We will use the following links:
1. [Fuel Consumption Ratings](https://open.canada.ca/data/en/dataset/98f1a129-f628-4ce4-b24d-6f16bf24dd64#wb-auto-6)
2. [Fuels Price Survey](https://open.canada.ca/data/en/dataset/c6ec6da3-2a8c-4b67-b59e-1d567efdaeac)

# Gathering Data
We will be using the `request` package to get the webpages/files, and the `beautifoulsoup` library for web scraping.

In [1]:
import requests
from bs4 import BeautifulSoup

## Get The Web Page

In [2]:
r_fc = requests.get("https://open.canada.ca/data/en/dataset/98f1a129-f628-4ce4-b24d-6f16bf24dd64#wb-auto-6")

In [3]:
r_fp = requests.get("https://open.canada.ca/data/en/dataset/c6ec6da3-2a8c-4b67-b59e-1d567efdaeac")

## Scrap The Web Page
### Utility functions

In [4]:
import re

In [5]:
def is_downloadable(url):
    h = requests.head(url, allow_redirects=True)
    header = h.headers
    content_type = header.get('content-type')

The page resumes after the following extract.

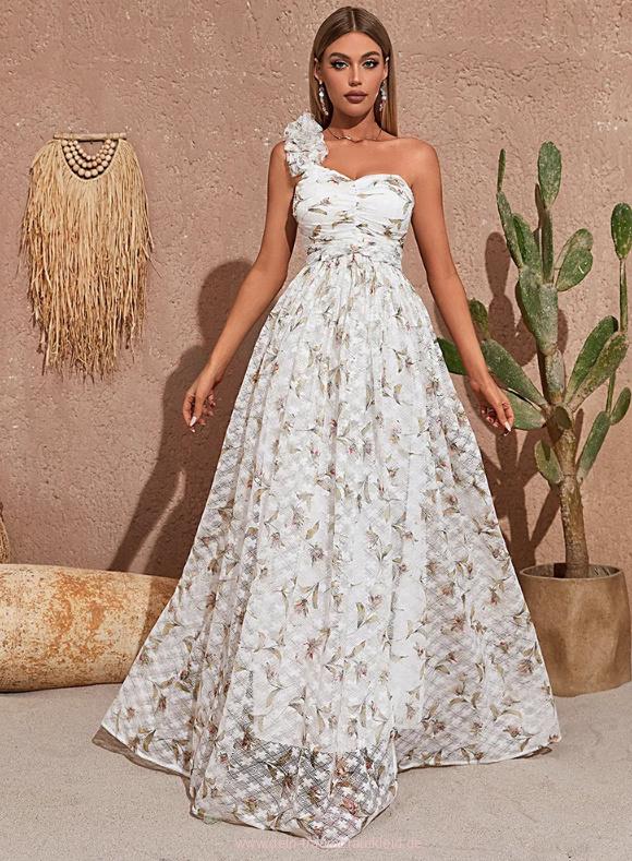 One Shoulder Chiffon Kleid in Weiß für Hochzeitsgäste Meriem Lang mit Applikationen

    if 'html' in content_type.lower():
        return False
    return True

In [6]:
def get_filename_from_cd(cd):
    if not cd:
        return None
    fname = re.findall('filename=(.+)', cd)
    if len(fname) == 0:
        return None
    return fname[0]

In [7]:
def get_filename_from_url(url):
    return url.rsplit('/', 1)[1].replace("%20", "-")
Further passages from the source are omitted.